Several theoretical and empirical models have been developed to predict performance parameters of TBMs (Farmer and Glossop 1980; Sato et al. 1991; Rostami and Ozdemir 1993). Farmer and Glossop (1980) proposed a model that calculates penetration rate (PR) values using the rock tensile strength and average cutter force. A strong relationship between the uniaxial compressive strength (UCS) of rock and the specific energy was introduced by Sanio (1985). The Colorado School of Mines (CSM) model has been developed and named after research works at the Colorado School of Mines. The first version of this model was developed by Ozdemir (1977) and updated by Rostami (1997). The CSM model was proposed based on rock properties and cutter and cutting geometry, and can predict the cutter forces for a given penetration (mm/rev). Yagiz (2002) made a modification of the CSM model through the addition of brittleness of intact rock and the fracture properties of the rock masses as indices to the model. Review of the previous investigations showed that the empirical and theoretical models are mainly based on the machine performance in given geological conditions, rock mass properties, and laboratory test results. The advantages of these models are their capability to use the ground conditions, especially the rock mass behavior. These models are limited in their use for scenarios where new machine parameters are introduced and also lack the ability to be used in machine design and optimization. Some of the empirical models are based on a single rock or machine property and, according to Ramezanzadeh (2005), these are not sufficient to give an acceptable prediction of the TBM performance when there are many influential parameters on the TBM performance. In general, as mentioned by several studies (e.g., Grima et al. 2000; Yagiz et al. 2009; Gong et al. 2016), the performance prediction of empirical and theoretical models is relatively low and there is a need to develop new methods/models for TBM performance prediction.
Another group of TBM performance prediction models is considered as statistical approaches, which have been widely developed for the estimation of TBM performance. For example, Gong and Zhao (2009) performed a non-linear regression analysis on the data collected from two tunnels that were constructed in granitic rock masses in Singapore. They introduced an equation for estimating the rock mass boreability and stated that there is a meaningful relationship between the rock mass boreability index and four rock material and mass parameters (i.e., brittleness, UCS, orientation of joints, and joint count number). Statistical approaches suggest a relationship (i.e., linear and non-linear) between the independent/input and dependent/output parameters. Several researchers pointed out that these methods are not always robust enough to solve non-linear and complex problems (e.g., Grima and Babuška 1999). Additionally, the performance of the methods may be affected by the outliers and extreme values in the data. It can be mentioned that, in several cases, the performance of the statistical models is higher than that of the empirical and theoretical models (e.g., Benardos and Kaliampakos 2004; Benato and Oreste 2015), while in some other cases, the empirical and theoretical models are better (e.g., Rostami 1997). In order to improve the accuracy and reliability of the TBM performance predictive models, some other computational techniques, such as artificial intelligence (AI), may be considered as a suitable alternative.

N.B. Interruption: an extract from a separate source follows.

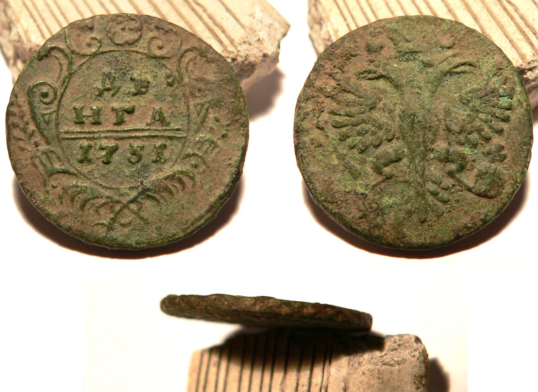 Добрый день. Подскажите пожалуйста приблизительную цену в этом состоянии. Деньга 1731 год. Монета с браком чеканки: смещение аверса и реверса относительно центра монеты на 15-20%

AI techniques have been extensively developed to solve various problems in the field of geotechnical engineering (Hasanipanah et al. 2018; Koopialipoor et al. 2018a, b). To estimate TBM performance parameters such as PR and advance rate (AR), several techniques such as fuzzy logic (Ghasemi et al. 2014), artificial neural networks (ANNs) (Benardos and Kaliampakos 2004), particle swarm optimization (PSO) (Yagiz and Karahan 2011), adaptive neuro-fuzzy inference system (ANFIS) (Grima et al. 2000), imperialist competitive algorithm (ICA) (Armaghani et al. 2017), gene expression programing (Armaghani et al. 2018), and support vector regression (SVR) (Mahdevari et al. 2014) have been utilized. Grima et al. (2000) developed an ANFIS model for predicting PR values and found that the use of the ANFIS method is more accurate than using statistical methods. Benardos and Kaliampakos (2004) offered an ANN model to predict AR values. The SVR technique was modeled by Mahdevari et al. (2014) for the database collected from a water tunnel in the United States. Salimi et al. (2016) utilized ANFIS and SVR models to recommend a model for TBM PR prediction. They demonstrated that SVR was more efficient compared to an ANFIS model. Furthermore, Armaghani et al. (2017) developed hybrid models (combinations of ANN with ICA and PSO) to predict the PR values of TBMs.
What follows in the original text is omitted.